Jahin et al. investigated the role of ECM stiffening in breast cancer spheroid behavior. Combining biomechanically tuned collagen I matrices and advanced 3D imaging, the authors demonstrated that two different breast cancer cell lines show increased YAP and ERK1/2 activity in response to increased matrix stiffness. Activation of both regulators is higher in cells contacting the ECM at the periphery of the spheroids compared to those in the center of the cell mass. Further analysis identified the α2β1 collagen-binding integrins as key mechanosensitive receptors in the transmission of stiffer ECM to signaling responses. Contrary to some previous reports, however, the authors demonstrated that this increased stiffness-dependent signaling correlates with lower proliferation, lower ECM alignment and reduced invasive potential of cells from the spheroid. These findings support the notion that stiffer ECM, as seen in several cancer types, is sufficient to support pro-tumorigenic signaling but that functional consequences of this signaling require contributions from additional cell types within the tumor microenvironment.

Direder et al. conducted an investigation into the cellular composition and gene regulatory mechanisms underlying idiopathic subglottic stenosis (ISGS), a rare fibrotic disease of the upper trachea, utilizing single-cell RNA sequencing. Their analysis identified fibroblasts and Schwann cells, glial cells of the peripheral nervous system, that exhibited a distinct profibrotic phenotype.
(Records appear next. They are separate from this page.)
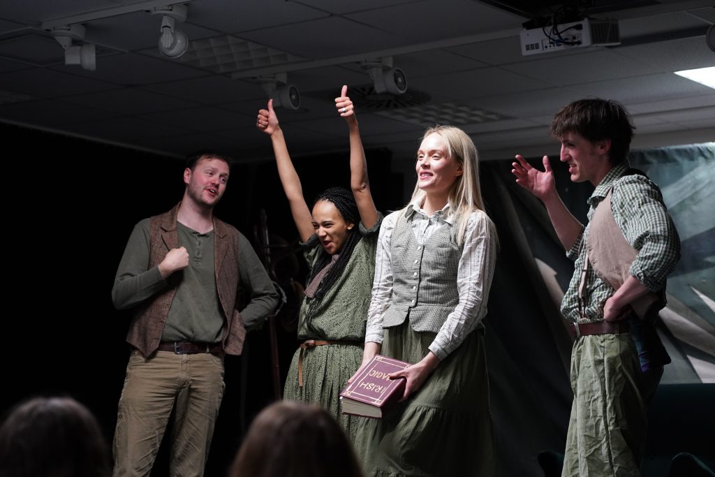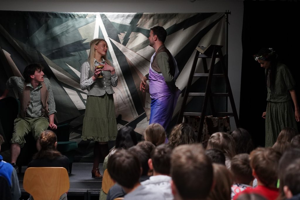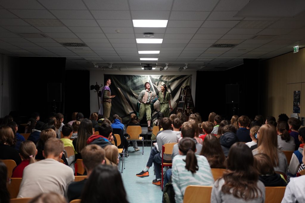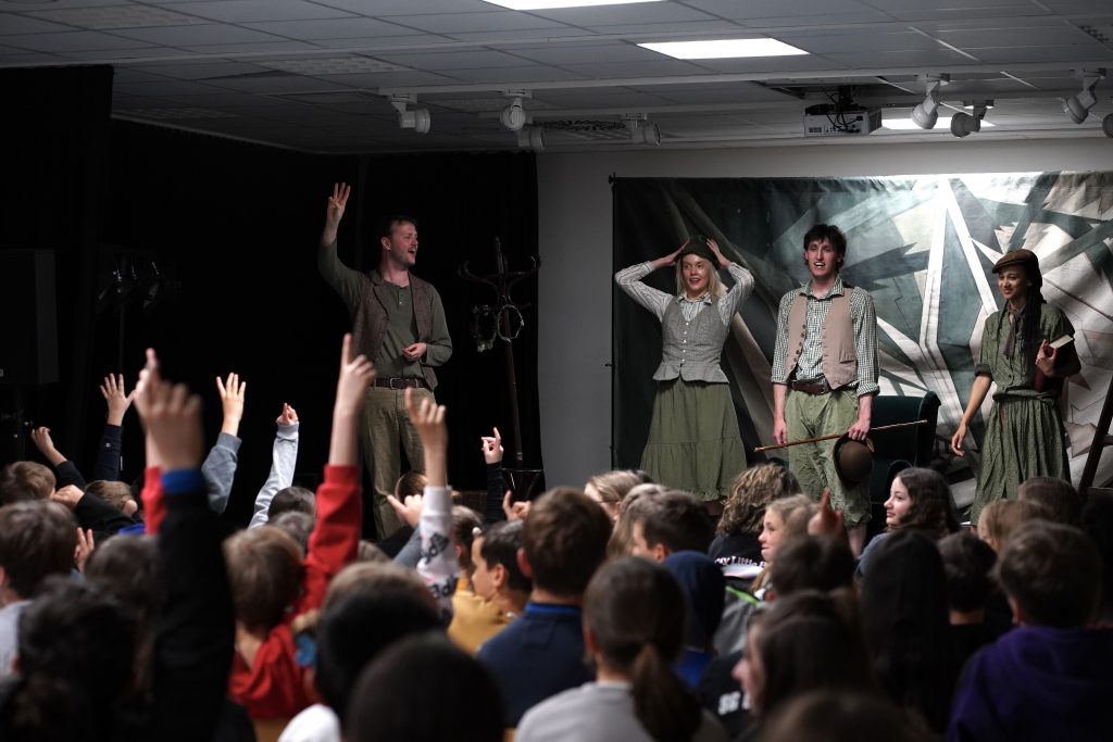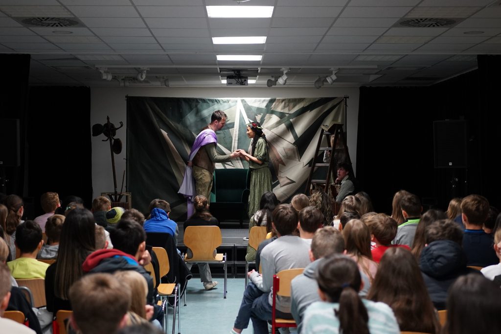 Am 22. April besuchten die Klassen des Jahrgangs 6 im Mehrzweckraum die Vorstellung des „White Horse Theatre“. Die englischsprachige Theatertruppe kommt regelmäßig an die Freiherr-vom-Stein Schule und führte diesmal das Stück „Irish Magic“ auf. Die vier jungen Schauspielerinnen und Schauspieler erzählten drei irische Märchen, von denen die Klassen dann das ihrer Meinung nach beste auswählen durften. Allen Beteiligten hat die Aufführung, die 60 Minuten dauerte, wirklich Spaß gemacht.
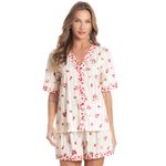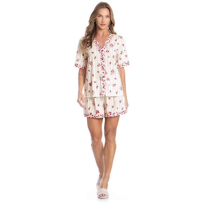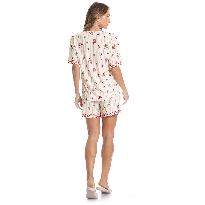 Pijama Feminino Curto Americano Primavera é estilo para suas horas de descanso! Sua blusa possui decote em V, e frente abotoada com impecável acabamento e botões bem fixados. Detalhe para suas mangas e aberturas frontais que tem como acabamento viés de estampa contrastante, proporcionando muita delicadeza à peça. Seu short em modelagem ampla e confortável, possui elástico macio no cós para melhor descanso, e sua barra conta com acabamento em viés. Detalhe para sua linda e delicada estampa floral, uma peça que garante muito conforto, leveza e suavidade para os melhores momentos!
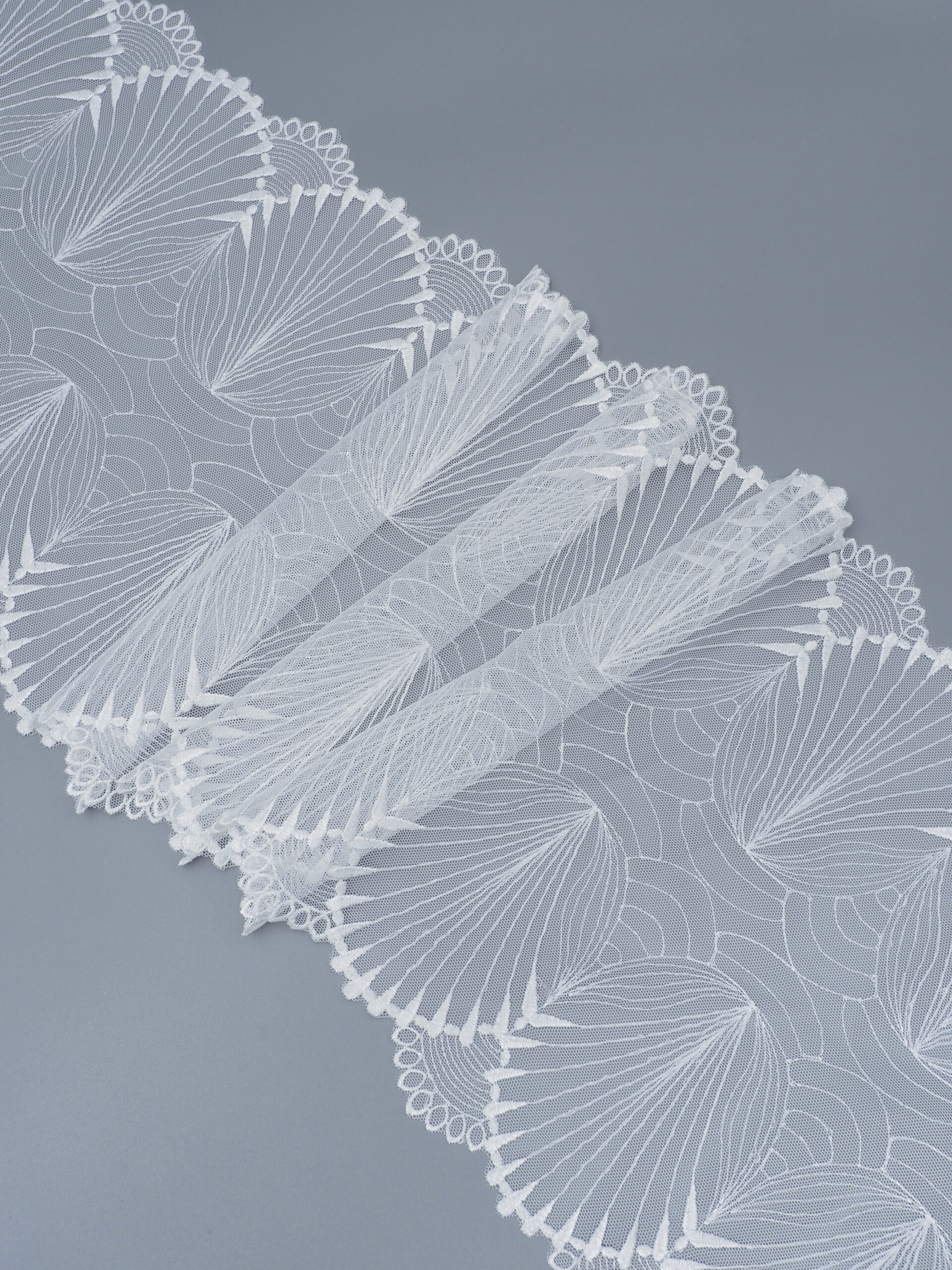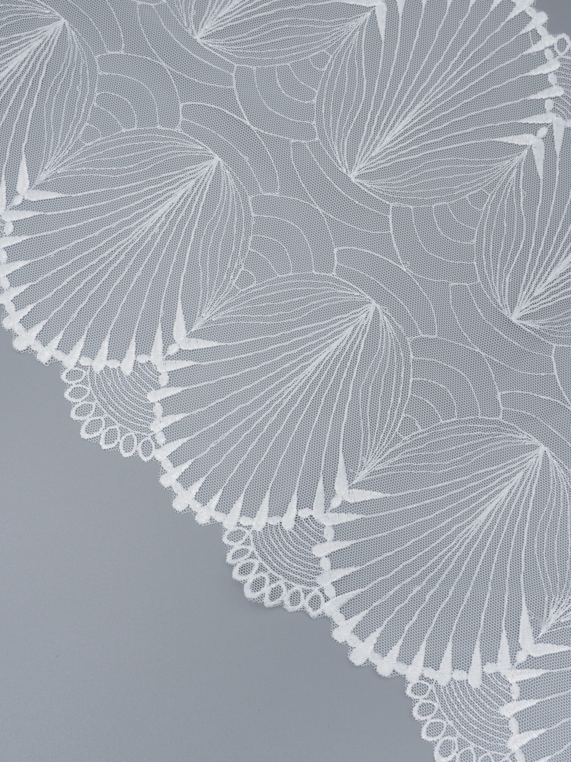 Кружево на сетке неэластичное белого цвета с узорчатой вышивкой. Вышивка на сетке белая.

Furthermore, the study revealed a marked increase in plasma cell populations in ISGS. These findings provide novel insights into the pathogenesis of ISGS, potentially advancing the development of innovative diagnostic and therapeutic strategies.

Guerrero-Barberà et al. comprehensively reviewed the role of the abundant ECM protein fibronectin in cancer progression. From transcriptional regulation and biosynthesis to cell binding, scaffolding and tumorigenic properties, the authors highlight critical functions for this molecule across different regions in the tumor microenvironment. They further explored the potential for future domain-specific therapeutic targeting of fibronectin, both directly and in conjunction with integrin antagonists or immunotherapy.

Töpfer and Holz provided a concise overview of nidogen, a multifunctional glycoprotein, highlighting its role in basement membrane integrity, morphogenesis, and neuronal plasticity. This review emphasizes nidogen’s critical function as a linker molecule within the extracellular matrix, effectively connecting different components. Additionally, the authors explored the specific roles of nidogen in cell adhesion, migration, and signaling.

Ulldemolins et al. investigated how aging affects the mechanical properties of lung tissue using a mouse model. They measured age-related changes in ECM composition and biomechanical properties in decellularized lungs from young and aged mice. Comparing stiffness, viscosity, and adhesion forces in non-inflated and inflated lungs via atomic force microscopy, they found reduced stiffness in aged non-inflated lungs but increased stiffness at functionally inflated volumes. In contrast to prior studies, which focused on non-inflated lungs, this work provides novel insights into lung mechanics under physiological stretch conditions.